**Information shown**
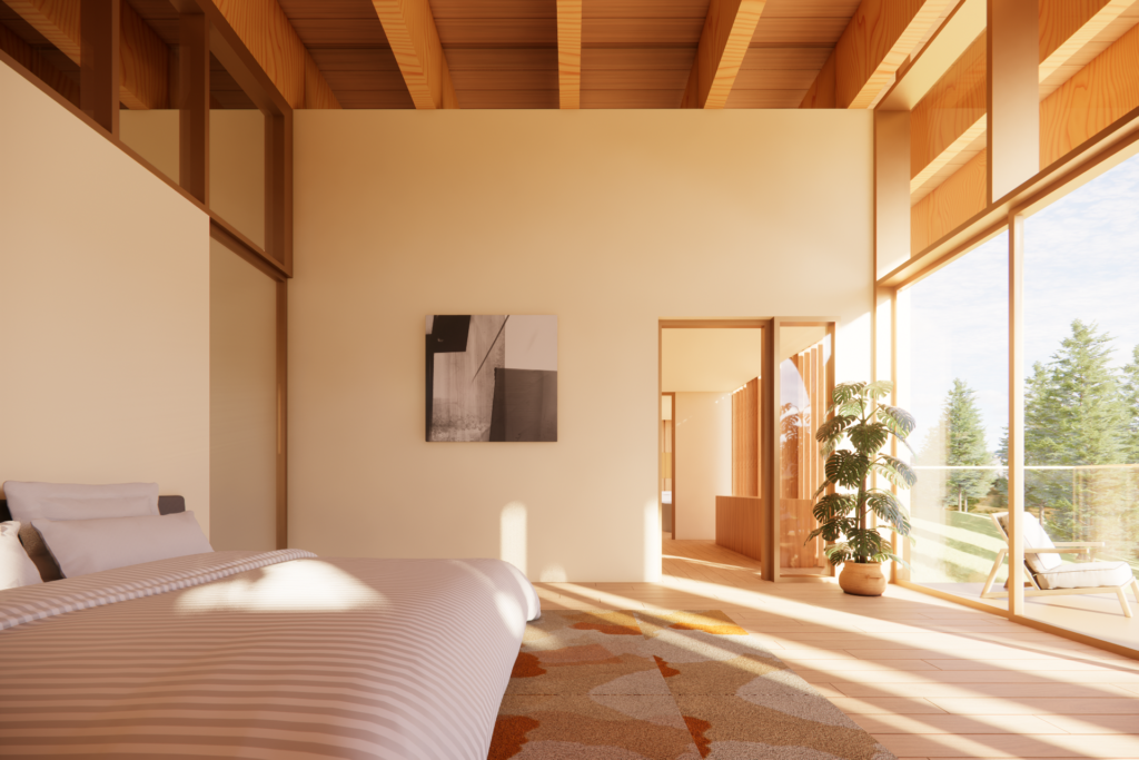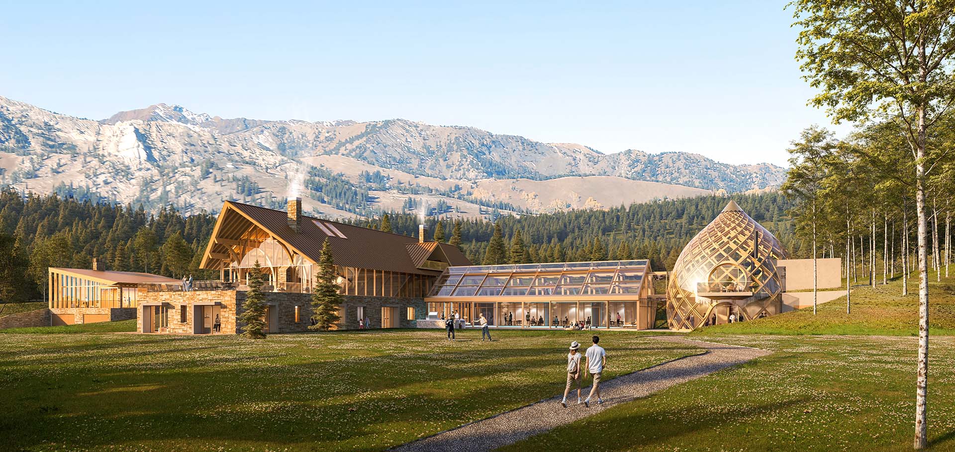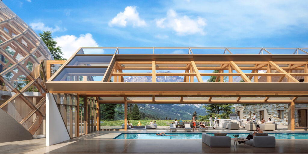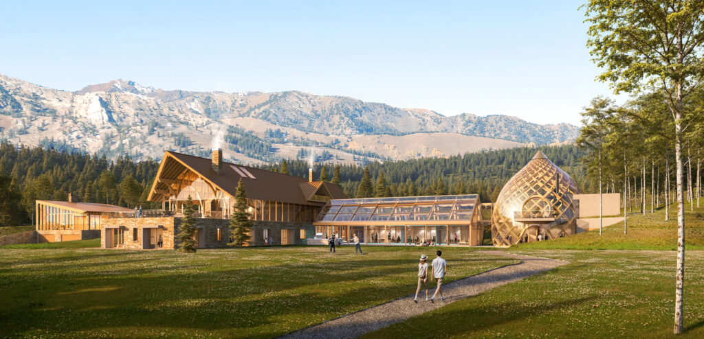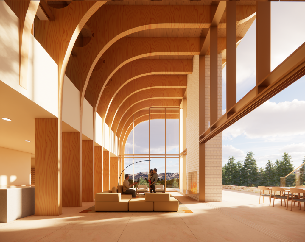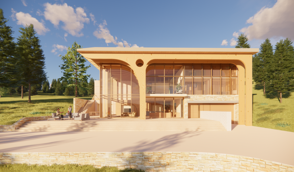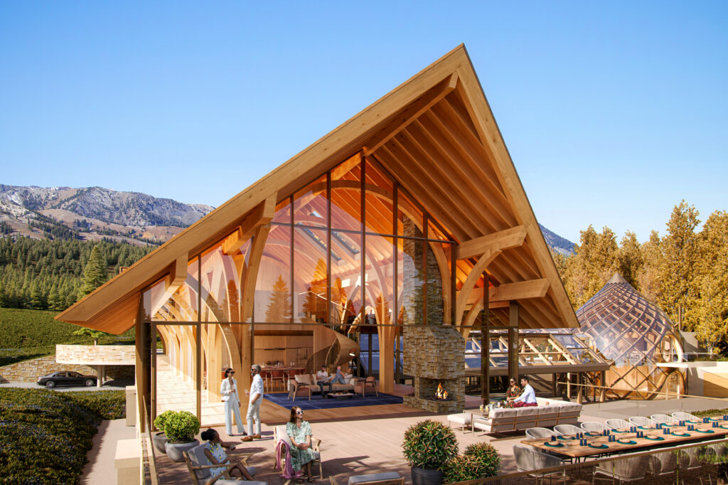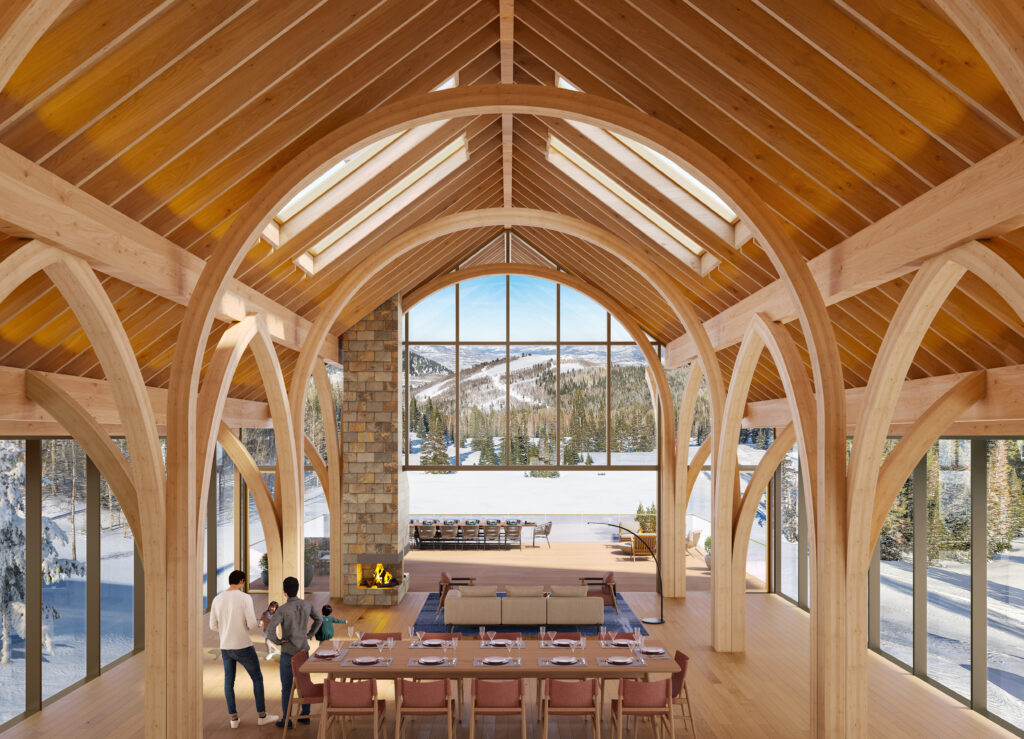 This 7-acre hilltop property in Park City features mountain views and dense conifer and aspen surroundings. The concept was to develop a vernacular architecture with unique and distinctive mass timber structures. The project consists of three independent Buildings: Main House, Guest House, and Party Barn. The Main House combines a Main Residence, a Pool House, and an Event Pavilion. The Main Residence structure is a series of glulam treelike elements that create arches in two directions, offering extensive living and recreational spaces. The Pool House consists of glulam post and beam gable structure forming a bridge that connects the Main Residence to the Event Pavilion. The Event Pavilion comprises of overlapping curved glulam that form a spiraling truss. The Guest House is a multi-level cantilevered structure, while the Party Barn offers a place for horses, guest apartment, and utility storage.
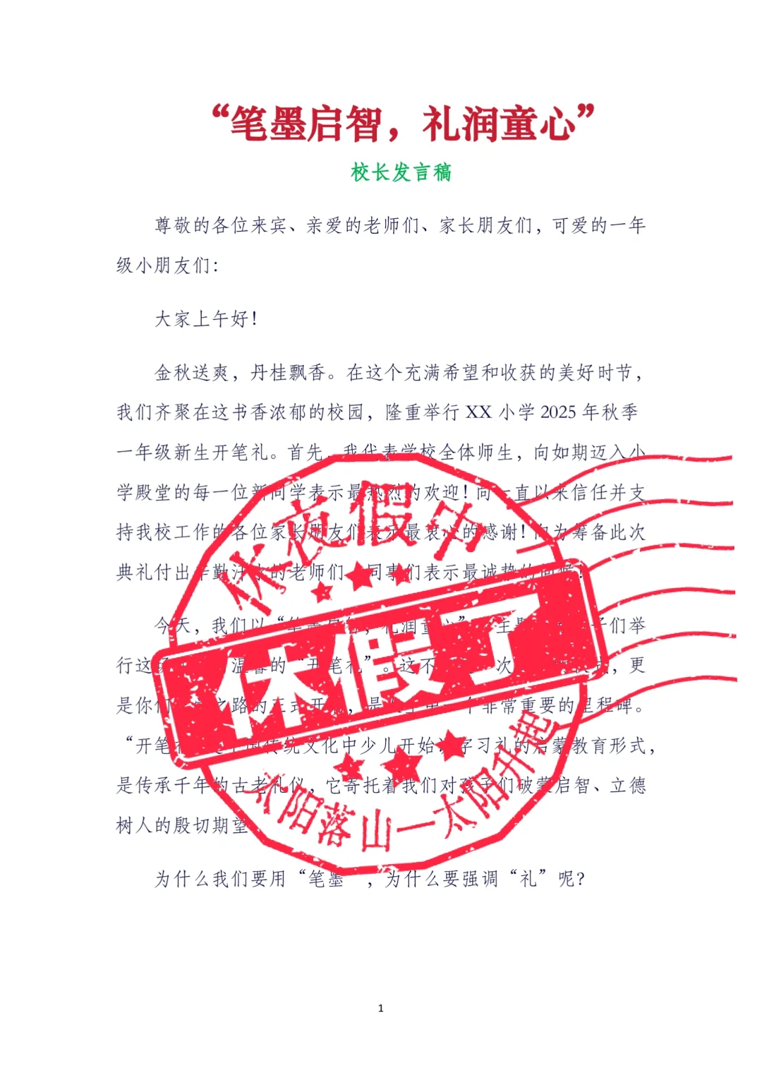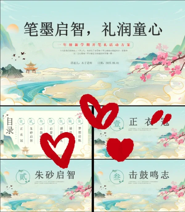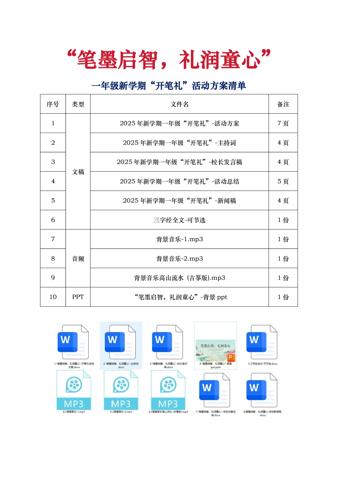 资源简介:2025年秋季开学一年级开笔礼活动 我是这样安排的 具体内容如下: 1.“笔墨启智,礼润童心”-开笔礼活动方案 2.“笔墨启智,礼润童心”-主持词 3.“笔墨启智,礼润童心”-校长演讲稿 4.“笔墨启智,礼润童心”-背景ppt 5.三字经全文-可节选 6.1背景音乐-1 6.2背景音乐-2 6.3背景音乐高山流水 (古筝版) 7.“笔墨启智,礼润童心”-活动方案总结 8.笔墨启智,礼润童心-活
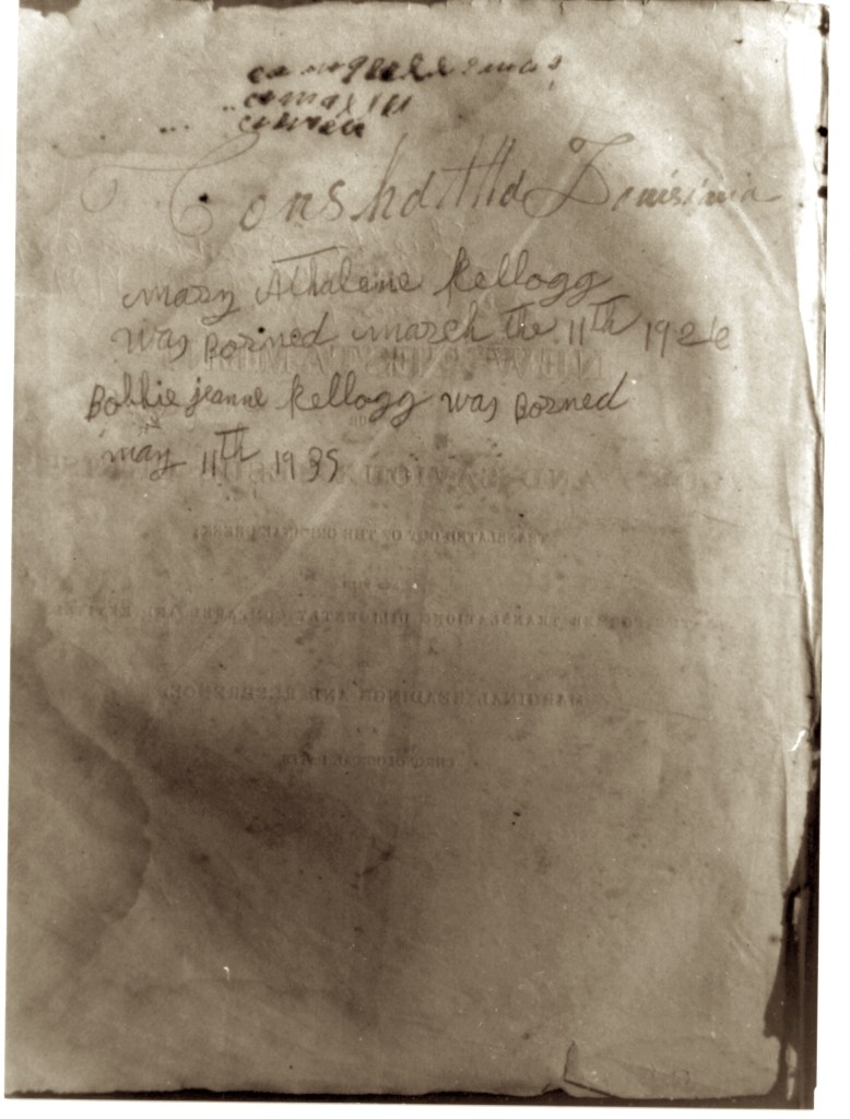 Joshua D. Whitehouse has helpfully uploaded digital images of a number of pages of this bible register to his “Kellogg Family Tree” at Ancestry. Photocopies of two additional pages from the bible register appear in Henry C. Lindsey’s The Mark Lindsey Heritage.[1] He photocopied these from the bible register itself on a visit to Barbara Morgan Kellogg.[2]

**Task statement**
Only the lines from the line containing "5.三字经全文-可节选 6.1背景音乐-1 6.2背景音乐-2" through the end of the material should be retyped, exactly and in full, with no pictures.

**Solution**
 资源简介:2025年秋季开学一年级开笔礼活动 我是这样安排的 具体内容如下: 1.“笔墨启智,礼润童心”-开笔礼活动方案 2.“笔墨启智,礼润童心”-主持词 3.“笔墨启智,礼润童心”-校长演讲稿 4.“笔墨启智,礼润童心”-背景ppt 5.三字经全文-可节选 6.1背景音乐-1 6.2背景音乐-2 6.3背景音乐高山流水 (古筝版) 7.“笔墨启智,礼润童心”-活动方案总结 8.笔墨启智,礼润童心-活
 Joshua D. Whitehouse has helpfully uploaded digital images of a number of pages of this bible register to his “Kellogg Family Tree” at Ancestry. Photocopies of two additional pages from the bible register appear in Henry C. Lindsey’s The Mark Lindsey Heritage.[1] He photocopied these from the bible register itself on a visit to Barbara Morgan Kellogg.[2]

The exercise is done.